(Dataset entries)
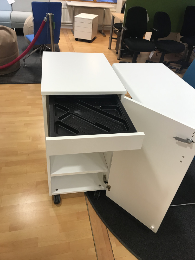 Siistikuntoisia säilyttimiä pyörillä.
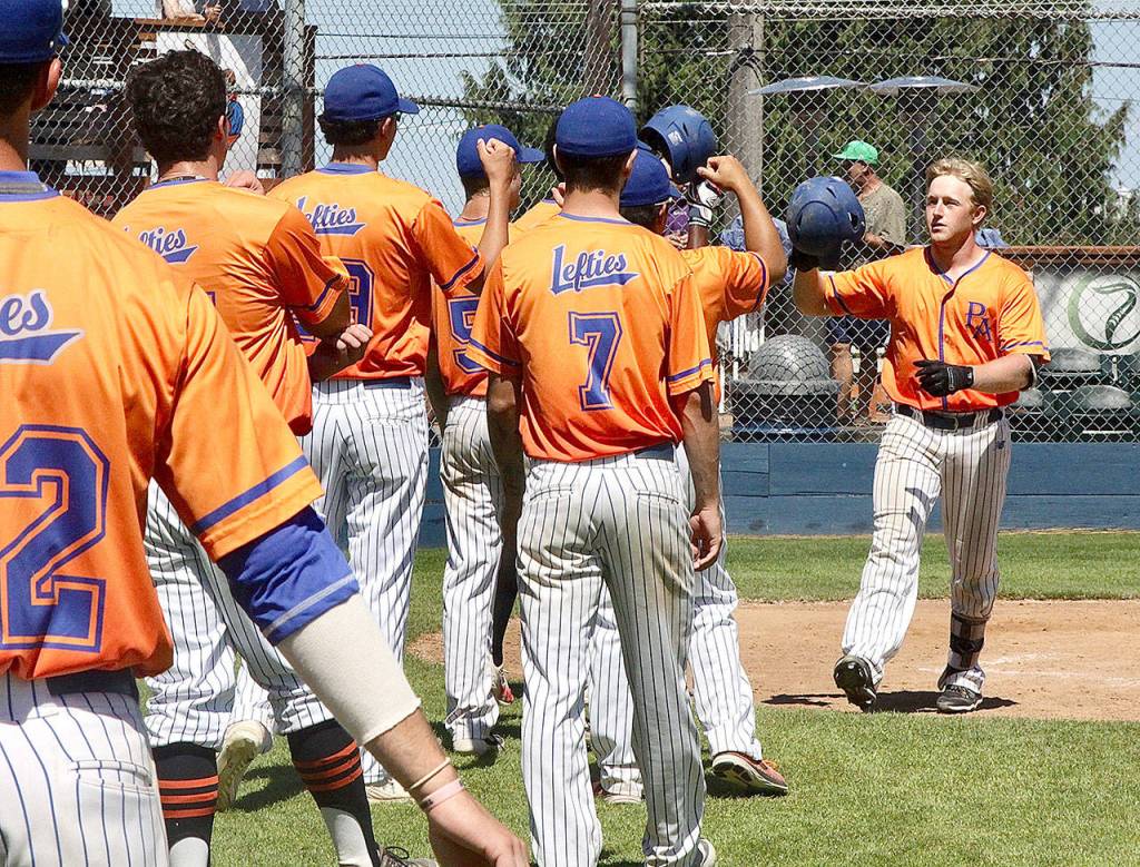 The Lefties’ Evan Hurn, at right, of Sequim, receives congratulations from his teammates after hitting a home run in Port Angeles’ 8-6 win Sunday over Kelowna at Civic Field. (Dave Logan/for Peninsula Daily News)
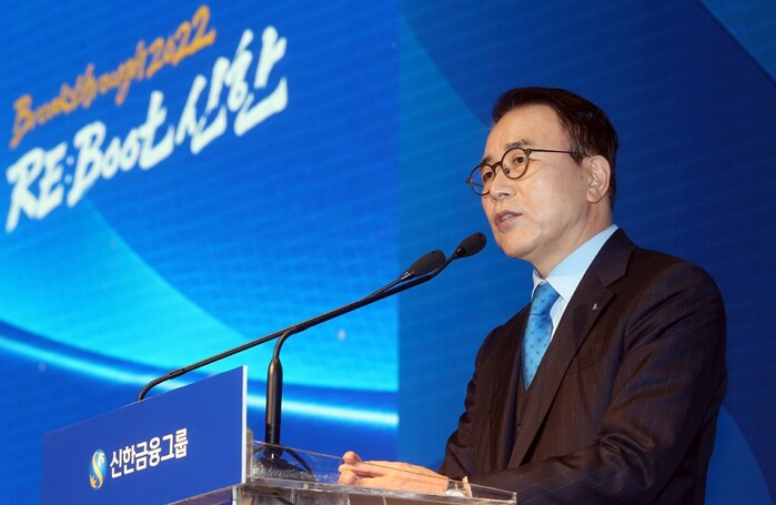 올해 그룹 경영 슬로건으로는 △디지털 생태계 선도 △금융으로 세상을 이롭게 △Breakthrough 2022, 신한의 재창업을 말했다.
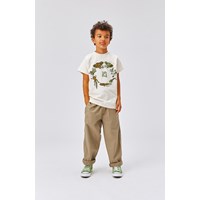 Road is een gebroken wit t-shirt met een print van de levenscyclus van een kikker, van kikkerdril tot kikkervisje tot kikker.
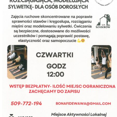Gimnastyka usprawniająca stawy i kręgosłup, rozciągająca, modelująca sylwetkę – dla osób dorosłych, czwartki godz. 12:00. Wstęp bezpłatny.
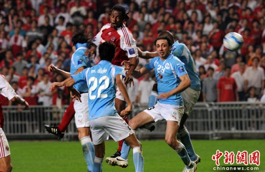5月11日晚,亚洲足球十六强赛在香港大球场举行。图为香港南华队(红)在与巴林阿尔利化队(蓝)激烈争夺。中新社发 郑祚声 摄
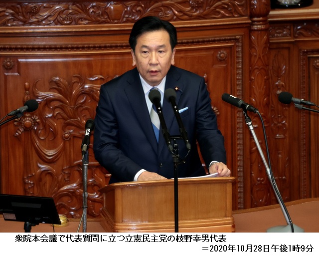 任命除外、首相「私が判断」 枝野氏「支離滅裂」と批判 ―― 菅義偉首相が就任して初の国会で、28日午後の衆院代表質問では自民党と立憲民主党の3人が質問に立った。このうち立憲の枝野幸男代表は質問後、菅首相の答弁について、記者団に「ほとんど正面からのお答えはなかった」と批判した。
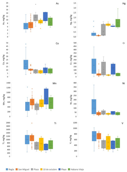 27]; this percentage was also 58% for Cd, 33% for Co, 31% for Cr, 87% for Cu, 65% for Mn, 58% for Ni, 70% for Pb, 71% for Zn, and 84% for Hg. Furthermore, the average V concentration for world’s soils was exceeded by all samples, while the average Ti concentration for world’s soils was never exceeded. However, Ti and V pseudo-total concentrations were highly correlated.
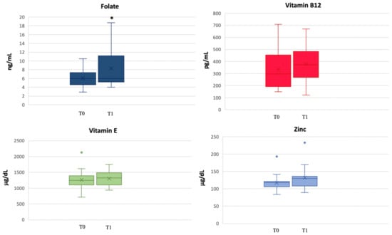 Figure 2). In particular, there was a statistically significant increase in folate levels from T0 to T1 (
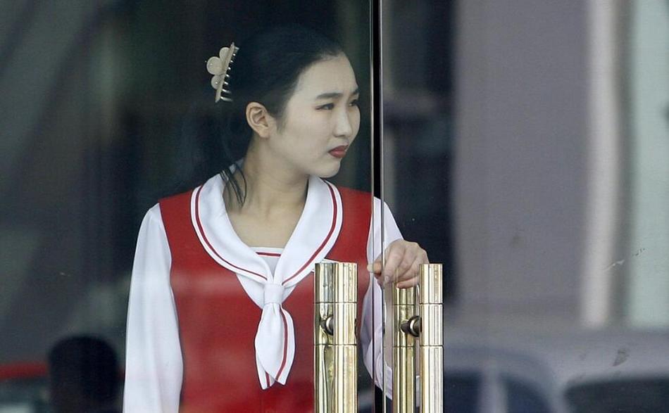 站在店門口的朝鮮服務員。
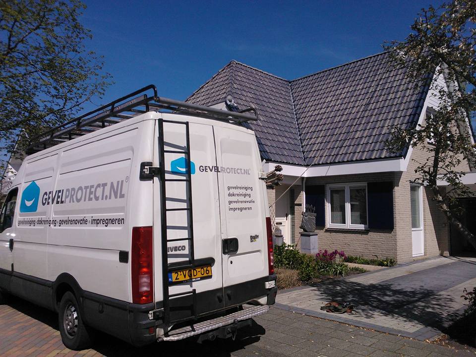 Eerst hebben we de dakpannen gereinigd met een van onze stoomunits. Met deze machines kunnen we water op de vereiste temperatuur, onder de gepaste hoge druk samen met een reinigingsmiddel op de pannen spuiten. Hierdoor weekt de vervuiling los en spoelt deze van het dak af.
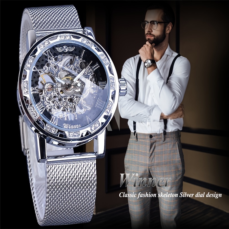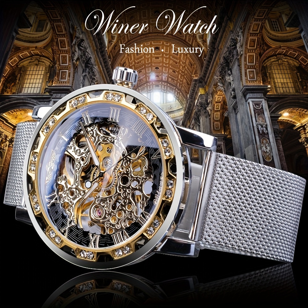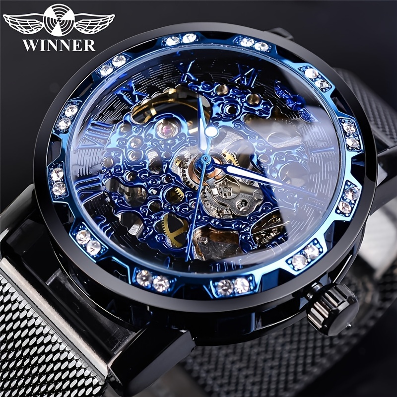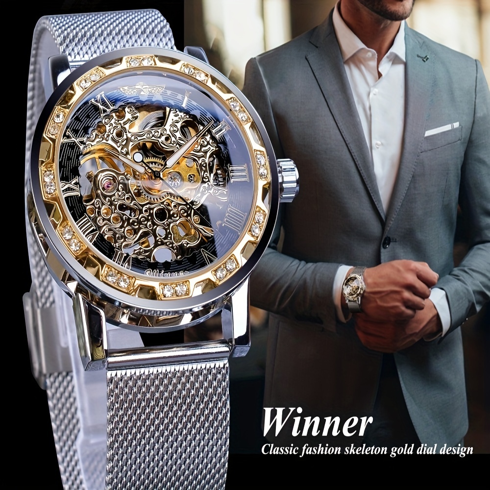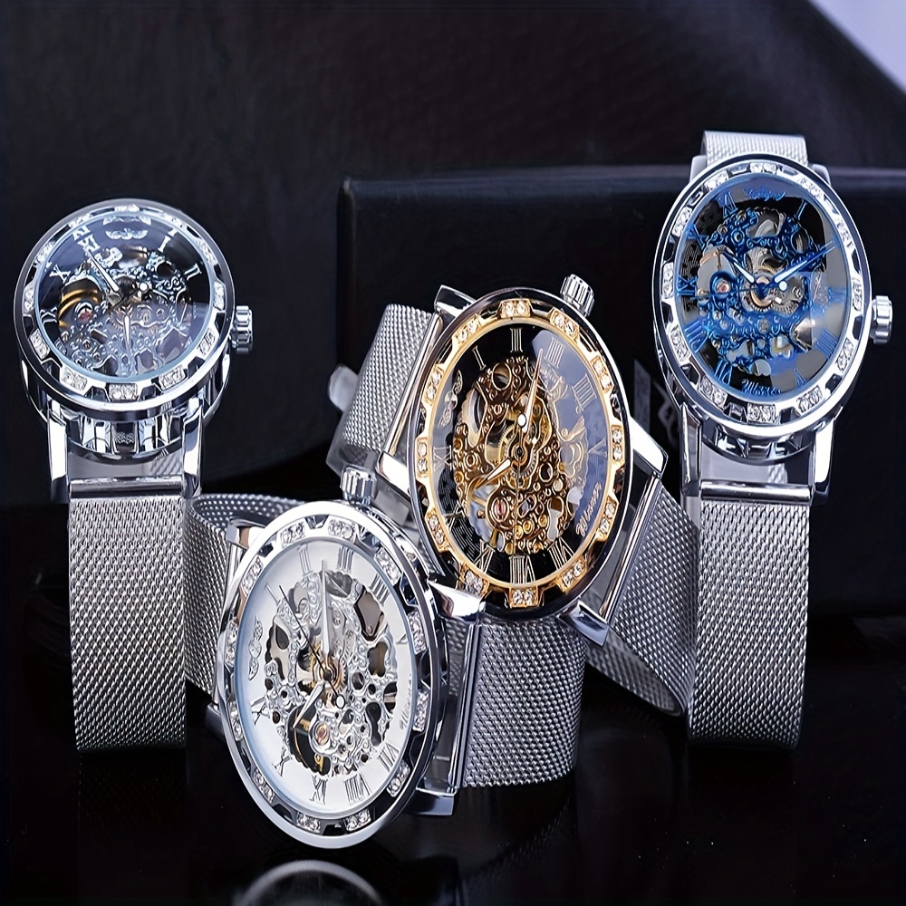 1pc Men’s Fashion Rhinestone Mechanical Watch

EXERCISE AIM:
All the lines above are to be given again exactly as they read, with the pictures removed.

ANSWER TO THIS TASK:
 Siistikuntoisia säilyttimiä pyörillä.
 The Lefties’ Evan Hurn, at right, of Sequim, receives congratulations from his teammates after hitting a home run in Port Angeles’ 8-6 win Sunday over Kelowna at Civic Field. (Dave Logan/for Peninsula Daily News)
 올해 그룹 경영 슬로건으로는 △디지털 생태계 선도 △금융으로 세상을 이롭게 △Breakthrough 2022, 신한의 재창업을 말했다.
 Road is een gebroken wit t-shirt met een print van de levenscyclus van een kikker, van kikkerdril tot kikkervisje tot kikker.
Gimnastyka usprawniająca stawy i kręgosłup, rozciągająca, modelująca sylwetkę – dla osób dorosłych, czwartki godz. 12:00. Wstęp bezpłatny.
5月11日晚,亚洲足球十六强赛在香港大球场举行。图为香港南华队(红)在与巴林阿尔利化队(蓝)激烈争夺。中新社发 郑祚声 摄
 任命除外、首相「私が判断」 枝野氏「支離滅裂」と批判 ―― 菅義偉首相が就任して初の国会で、28日午後の衆院代表質問では自民党と立憲民主党の3人が質問に立った。このうち立憲の枝野幸男代表は質問後、菅首相の答弁について、記者団に「ほとんど正面からのお答えはなかった」と批判した。
 27]; this percentage was also 58% for Cd, 33% for Co, 31% for Cr, 87% for Cu, 65% for Mn, 58% for Ni, 70% for Pb, 71% for Zn, and 84% for Hg. Furthermore, the average V concentration for world’s soils was exceeded by all samples, while the average Ti concentration for world’s soils was never exceeded. However, Ti and V pseudo-total concentrations were highly correlated.
 Figure 2). In particular, there was a statistically significant increase in folate levels from T0 to T1 (
 站在店門口的朝鮮服務員。
 Eerst hebben we de dakpannen gereinigd met een van onze stoomunits. Met deze machines kunnen we water op de vereiste temperatuur, onder de gepaste hoge druk samen met een reinigingsmiddel op de pannen spuiten. Hierdoor weekt de vervuiling los en spoelt deze van het dak af.
 1pc Men’s Fashion Rhinestone Mechanical Watch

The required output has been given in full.